# ФИЛОСОФИЯ И КУЛЬТУРА > Рецепты кухни Кришны >  Тушеные капуста и картофель

## Aniruddha das

Тушеные капуста и картофель
Бондгобхи ялу сабджи


Если у вас нет необходимых для приготовления этого индийского блюда "сладких"специй, можно использовать вместо них те, которые более доступны: кориандр, семена укропа, фенхеля и тмина, а также острый стручковый перец. В этом случае сахар добавлять не следует.

600 г нашинкованной капусты
2 гвоздики (по желанию)
2 стручка кардамона
I ч. л. корицы
4 cт, л. топленого или растительного масла
6 средних картофелин, нарезанных кубиками
1/4 ч. л. молотого имбиря
1/2 ч. л. молотого красного острого перца
1 ч. л. куркумы
4 средней величины помидора, разрезанных на 8 долек каждый
3/4 стакана воды
1, 5 ч. л. соли
1/2 ч. л. сахара

Помойте капусту, нарежьте и оставьте подсыхать. Смелите гвоздику и кардамон в мелкий порошок и смешайте с корицей.
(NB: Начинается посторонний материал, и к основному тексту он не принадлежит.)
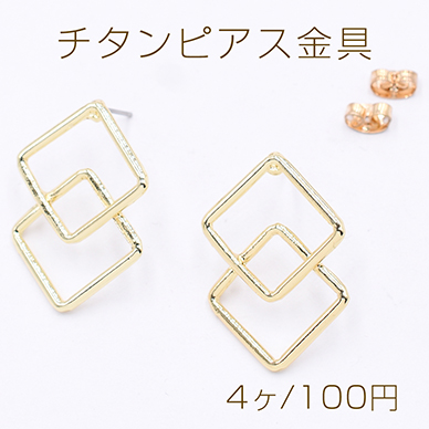 チタンピアス金具 2連菱形 20×28mm ゴールド【4ヶ】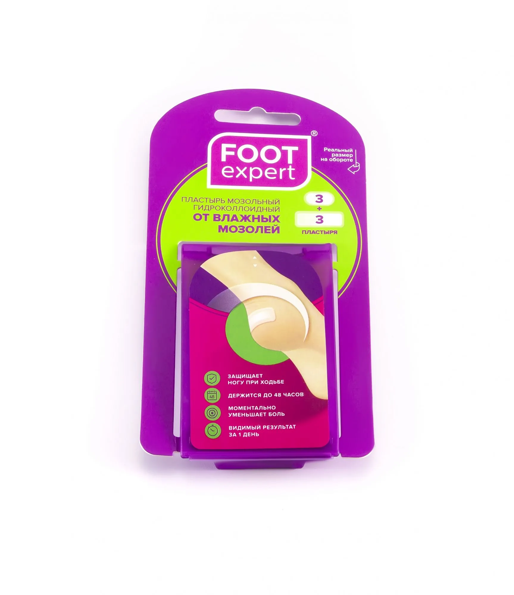 FOOT EXPERT - экспресс-решение при влажных мозолях. FOOOT Expert производится по гидроколлоидной технологии, которая позволяет средству работать по принципу второй кожи. В состав пластыря входит гидроколлоидный полимер, состоящий из мельчайших частиц, которые образуют на поверхности тонкую пленку. При воздействии на пораженную кожу пленочка быстро впитывает отделяемую из раны жидкость, увлажняет поверхность кожи, хорошо пропускает воздух, не позволяет формироваться рубцам и корочкам при заживлении мозоли.

Нагрейте на среднем огне 3 столовые ложки топленого или подсолнечного масла в широкой низкой кастрюле или сковороде с высокими стенками. По-ложите картофель и жарьте, помешивая, пока картофель не подрумянится. Выньте картофель из кастрюли, положите в миску и отставьте в сторону.

Положите оставшееся масло (1 столовую ложку) в ту же кастрюлю, где жарился картофель, и, когда оно нагреется, бросьте в него имбирь, перец и куркуму. Через несколько секунд добавьте нашинкованную капусту и жарьте 5 мин, помешивая, чтобы капуста смешалась со специями и не подгорела. Добавьте нарезанные помидоры, обжаренный картофель, соль, сахар, воду и накройте крышкой. Тушите овощи на медленном огне, пока они не станут мягкими. Откройте крышку, всыпьте заранее подготовленные "сладкие" специи (корицу, кардамон и гвоздику) и осторожно перемешайте.

----------